The ethical demands of the health disciplines enjoin us to help those in need to live well. We can seek to fulfill this duty by asking questions that can provoke socially useful answers.
Some Methodological Considerations in Research Question Formation
Well-defined research questions are specific and include clear boundaries of scope. Such clarity facilitates feasibility, which is an important value for investigators: We want to undertake projects that we can actually complete. But other values matter too. Social impact matters, so we want the scope of research questions to enable projects inclusive of the kinds of people who might benefit from the intervention being studied. As the philosopher and bioethicist Kirstin Borgerson writes, “Researchers face a burden of justification related to any idealizing elements added to trial design” because such idealizing elements limit the applicability of any findings (p. 293).Reference Borgerson5 Yet research questions often set up results that are at best agnostic as to applicability. Let us not mince words: A clinical study that is agnostic as to applicability is unethical. We must take seriously the fact that the clinical utility of results is implicit in the research question preceding them, and so ask questions that are meaningful to practicing clinicians and patients.
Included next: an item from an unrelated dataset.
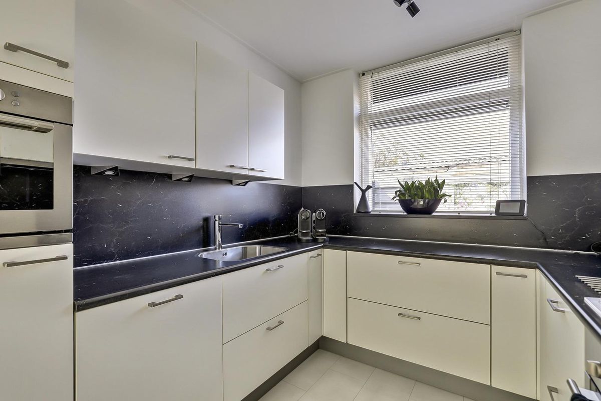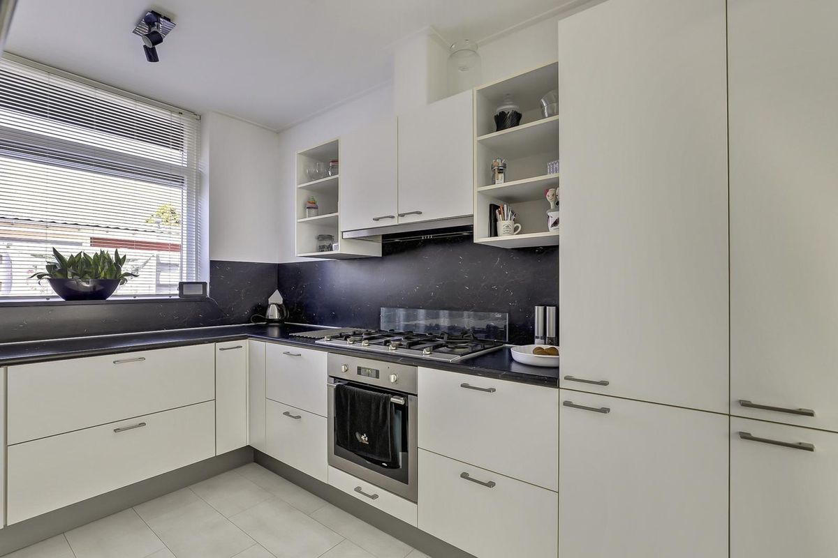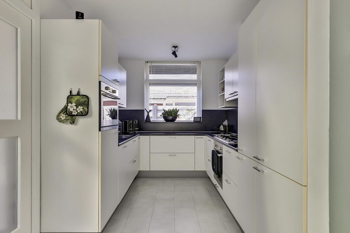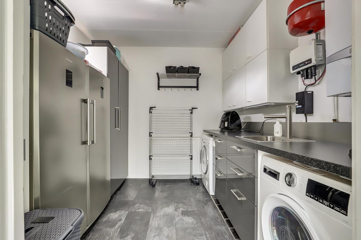 De keuken heeft een praktische U-opstelling met veel werk- en kastruimte. De lichte kasten en het donkere werkblad geven een moderne uitstraling. De keuken is voorzien van diverse inbouwapparatuur, waaronder een oven, gasfornuis, afzuigkap, koelkast, vriezer en vaatwasser. Aangrenzend ligt de bijkeuken met aansluitingen voor wasmachine en droger. Onder de bijkeuken bevindt zich een bergruimte die bereikbaar is via een groot luik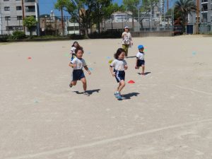 かけっこ、遊戯、リレーや紅白対抗のボール運びなど広い運動場で思いきり

We have suggested that person-centered approaches generate the most useful clinical research because such approaches yield results that matter to patients. Yet few research questions are formed with a person-centered approach in mind. Consider that most research tests group difference or equivalence with respect to an outcome variable – tests that are implicit in the kinds of questions we ask, such as our hypothetical question concerning the superiority of antidepressants A or B.Reference Friedman, DeMets, Furberg, Granger and Reboussin6 This method may lead to statistically significant results concerning groups, but it has two major weaknesses from a person-centered approach. First, tests based on groups are uninformative about any one individual in the study, especially when the outcome variable is measured on a continuous scale. Second, the outcomes referenced in research questions and often used in group-comparison studies may be less relevant to participants or less instructive to clinicians.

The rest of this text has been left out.